Just like their smaller cousins (MaxTracs,
Radiuses, and GM300s), you need two radios, since
none of these can operate full duplex. These also
suffer from most of the same woes as MaxTracs: the
transmitter will need a lot of cooling air and it
should be run at no more than 50% of its rated
power.
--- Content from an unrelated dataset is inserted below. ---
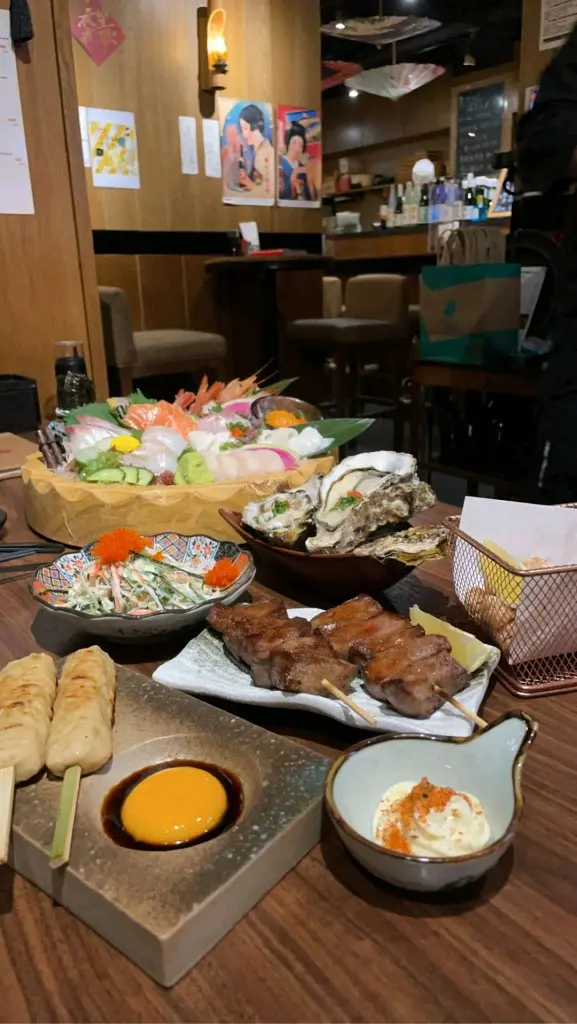 兩個人的飯聚 Kane_liu等級12023-05-09151 瀏覽 關注 好少黎中環呢區搵食朋友係呢頭收工咁就周圍睇下食咩咁就去左呢間居酒屋兩條佬飲少少酒食串燒店員就推介左個原條魚刺身兩食(380$)有刺身又有湯飲咁就叫左條試下另外點少得啤酒一人一杯飲住先先黎食左個原條魚刺身(好似叫伊佐木)攞架木船仔出黎又幾得意魚肉鮮甜、肉質夠爽口。正喎食完生既就叫左d熟食先黎個開胃沙律揀左個軟殼蟹沙律🥗🦀軟殼蟹夠酥脆,沙律菜份量都多一大碗黎飲酒又點少得食串燒串燒拼盤一次過滿足你五個願望(印象好似228定238$)唔太記得燒雞翼塊皮夠脆,燒脆左既雞皮好正免治雞肉棒入面好似好d軟骨咁好爽口牛脷串👅呢個正呀我最鍾意食,有咬口,咬一啖再飲啖啤酒 舒服安格斯牛肉串唔會太熟入面仲有少少肉汁最後呢串有趣呀,叫荔枝豚肉卷,一食落去你會食到燒香左既豚肉味先再黎就係包左係入面既荔枝味甜甜地咁 好奇妙既口感 值得一試燒芥末生蠔🦪上到枱諗住即食點知入面個心太熱驚辣親嘴 攤左陣先肥美既生蠔配上少少芥末味既醬一齊食 仲有少少炸蒜粒 好野味下最後飲埋個魚湯(原條魚刺身包埋)魚湯好鮮甜,即刻覺得呢個二食好抵最後飽得濟坐左係到吹多陣水休息下先埋單埋單店員話拎番張單番黎(21日內)有88折咁就岩啦 下次可以試吓壽司同刺身盤…查看更多+ 3以上食評乃用戶個人意見 , 並不代表OpenRice之觀點。讚好分享兩個人的飯聚 Nunu燒 https://s.openrice.com/QrbT08df900檢舉 張貼 評分5味道4環境5服務4衛生5抵食推介美食原條魚刺身二食用餐日期2023-05-08用餐途徑堂食人均消費$500 (晚餐)

The transmitter will probably shut down
when the microprocessor thinks it's getting hot,
so a manual power control might be necessary.
(Perform the same modification to the logic board
as for a MaxTrac; see that article on
Repeater-Builder.) These radios also have an
antenna relay that should be bypassed to eliminate
a source of future trouble.
The biggest
problem is that there are no spare pins on the
control cable connector on the front of the
radio, nor is there an external accessory jack
to get additional signals in to, or out of, the
radio. This is really only an issue for the
receiver. If you're willing to run the radio
with its cover off, or drill/cut an opening
either in the top cover or somewhere in the
casting, you can bring wires in and out of the
radio. You should consider using feed-through
capacitors for the signals, just to reduce the
chance of signal leakage.
I prescribe to
the "KISS" principle: "Keep It Simple, Stupid."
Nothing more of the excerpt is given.